HELOA is the professional association for access, recruitment and outreach staff working in Higher Education in the UK. Its mission is to support and enable its members to help students make informed decisions.

HELOA represents over 1400 members from more than 130 universities in the UK. It is a voluntary association, led by a committee of elected officers. The aims of the Association include offering training and development opportunities to its members and providing advice and guidance about higher education to prospective students and their families. As well as a national committee, the HELOA operates a network of regional and national groups, that maintain their own group committees.

HELOA members typically work for UK universities or higher education institutions, in the fields of student recruitment, widening participation, outreach or marketing.

Much of the day-to-day administration of the HELOA is carried out by the HELOA office, which is based at Edge Hill University in Ormskirk.

Executive and UK Committee
The HELOA is led by an executive and UK committee of elected and appointed officers, each responsible for different functions of the organisation.
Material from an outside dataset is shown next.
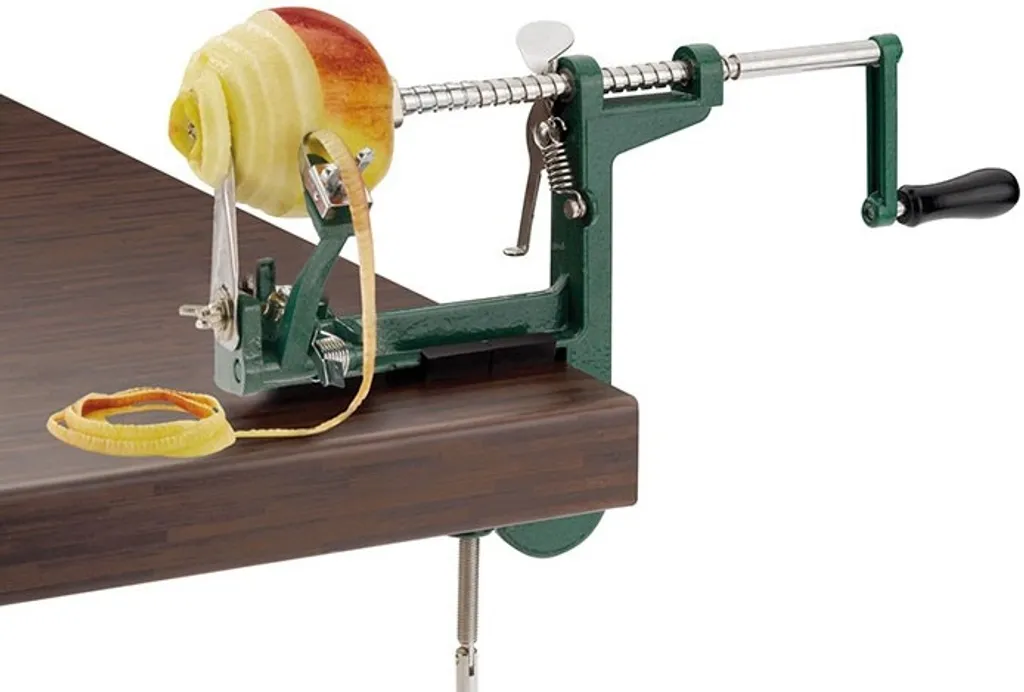 Wenn Sie eine große Menge Äpfel schälen möchten, ist dieses Westmark Apfelschälgerät die Lösung! Mit diesem Apfelschälgerät können Sie einfach und schnell eine große Menge Äpfel aus ihrer Schale entfernen. Sehr praktisch und einfach! Diese Apfelschälmaschine eignet sich auch sehr gut zum Abschälen von Birnen!

A normal term of office is three years. The current team is as follows:
 UK Chair - Jonathan Atkinson, University of Liverpool
 UK Vice-Chair (Group Development) - Helen Walker, Sheffield Hallam University 
 UK Vice-Chair (Partnerships) - Rebecca Hollington, University of Wolverhampton
 UK Vice-Chair (Training) - Charlotte Brookes, Edge Hill University
 UK Vice-Chair (Finance) - Michelle Terrell, Edinburgh Napier University
 UK Vice-Chair (Governance & Policy) - Jo Marchant, King's College London
 UK Vice-Chair (Administration & Membership) - Harri Tatnell, Aston University

HELOA Groups
The HELOA maintains a network of nine regional and national groups.

Annual Conference and AGM
HELOA hosts an annual conference and AGM in January each year. This is a three-day event involving training sessions and networking opportunities for members and an AGM, where constitutional changes are discussed and voted upon. During this event, there is a ceremony for the annual Innovation and Best Practice Awards.

The next conference is due to take place between 24–26 January 2018 at the Crowne Plaza Hotel, Stratford-upon-Avon

Innovation and Best Practice Awards
The annual Innovation and Best Practice Awards recognise outstanding achievements of individual institutions in the fields of schools liaison, outreach and marketing. Members are asked to nominate their own projects and a shortlist and winner is decided by a panel of judges.

The first of these awards was given in 2012 to Teesside University for their Virtual Postgraduate Open Day.

Partnerships
The HELOA has formed a number of partnerships with organisations within the higher education sector.